You are welcome to notify us if you know others!
GUI-based; used by statisticians. Uses Gibbs sampling.
The BUGS language is in wide use as declarative description of the model.
JAGS http://calvin.iarc.fr/~martyn/software/jags/
Similar to BUGS. Manual says it has poor performance.
MCMC R package http://www.stat.umn.edu/geyer/mcmc/
There is a mcmc package for the R project. Has very good slides of an introduction to MCMC sampling http://www.stat.umn.edu/geyer/mcmc/talk/mcmc.pdf
BioBayes http://www.dcs.gla.ac.uk/biobayes/
A Software Package for Bayesian Inference in Systems Biology
Has a very nice, user-friendly GUI (Java). Has a very nice video presentation
COSMOMC http://cosmologist.info/cosmomc/ http://cosmologist.info/notes/
A mcmc program specialized to cosmological problems. Also uses the GSL. Has a nice presentation on what it is about.

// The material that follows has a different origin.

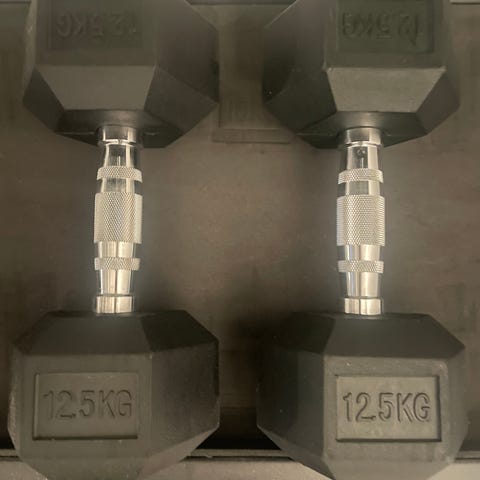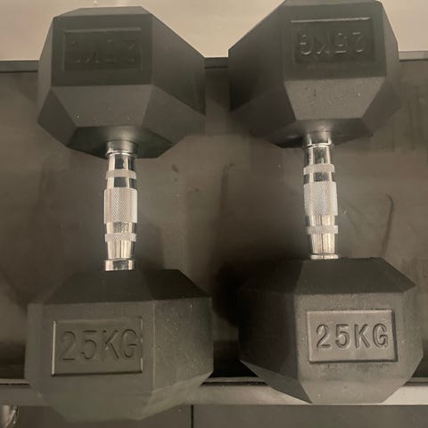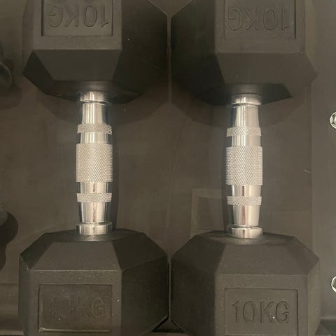 Sæt bestående af to håndvægte med en vægt på 15 kg hver. Vægtene har en sekskantet form og er belagt med gummi for bedre greb og beskyttelse af gulvet. Velegnede til styrketræning og fitnessøvelser.
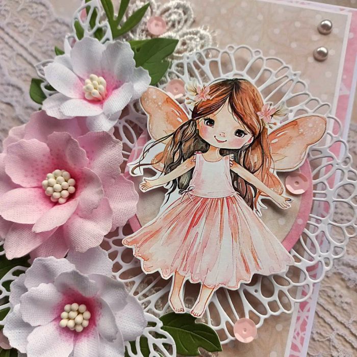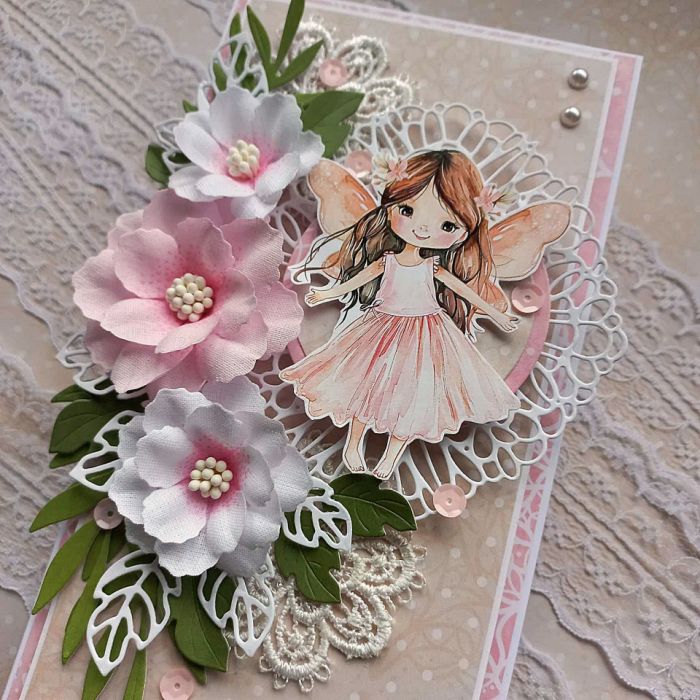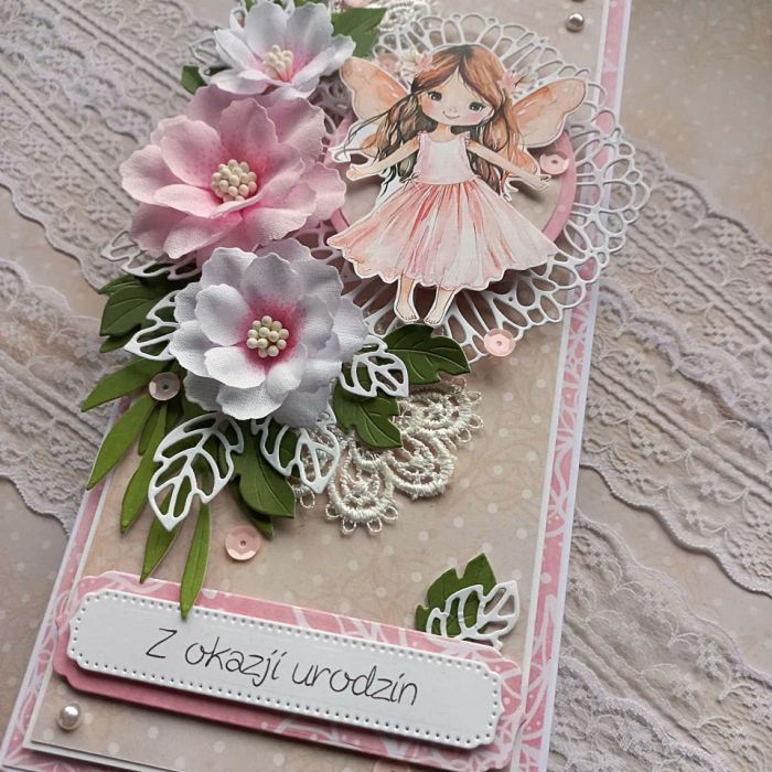 Urodzinowa kartka dla dziewczynki z ilustracją wróżki i ręcznie robionymi kwiatuszkami z usztywnionej bawełny. Kompozycje uzupełniają zielone i białe listki oraz serwatka papierowa, elementy koronkowe i napis "Z okazji urodzin". Wewnątrz miejsce na życzenia. Do kartki, w cenie, dołączone białe pudełko z okienkiem.

FBM Software for Flexible Bayesian Modeling http://www.cs.utoronto.ca/~radford/fbm.software.html
ANSI-C
“Flexible Bayesian models for regression and classifica- tion based on neural networks and Gaussian processes, and for probability density estimation using mixtures. Neural net training using early stopping is also sup- ported.” “Markov chain Monte Carlo methods, and their appli- cations to Bayesian modeling, including implementations of Metropolis, hybrid Monte Carlo, slice sampling, and tempering methods. “
This looks like the most similar approach (being ANSI-C). Looks very powerful and complete.
less relevant software follows
Bassist http://www.cs.helsinki.fi/research/fdk/bassist/
generates C++ code: Bayesian model data -> posterior distribution of model parameters
mrbayes http://mrbayes.csit.fsu.edu/
bayesian inference with biology models (several discrete options)
BEAST http://www.beastsoftware.org/
modeling population models. Java
There is a MCMC sampler written in Python, pyMC
Programs that are not available for download are not listed (e.g. “bayesiananalysis”, and the one from Do Kester)
Some notes: several software packages are abandoned since a few years.
I (Johannes) find it hard to get into the programs and to understand them. A toy example that works both in e.g. BUGS/JAGS, BioBayes, fbm and APEMoST would be great.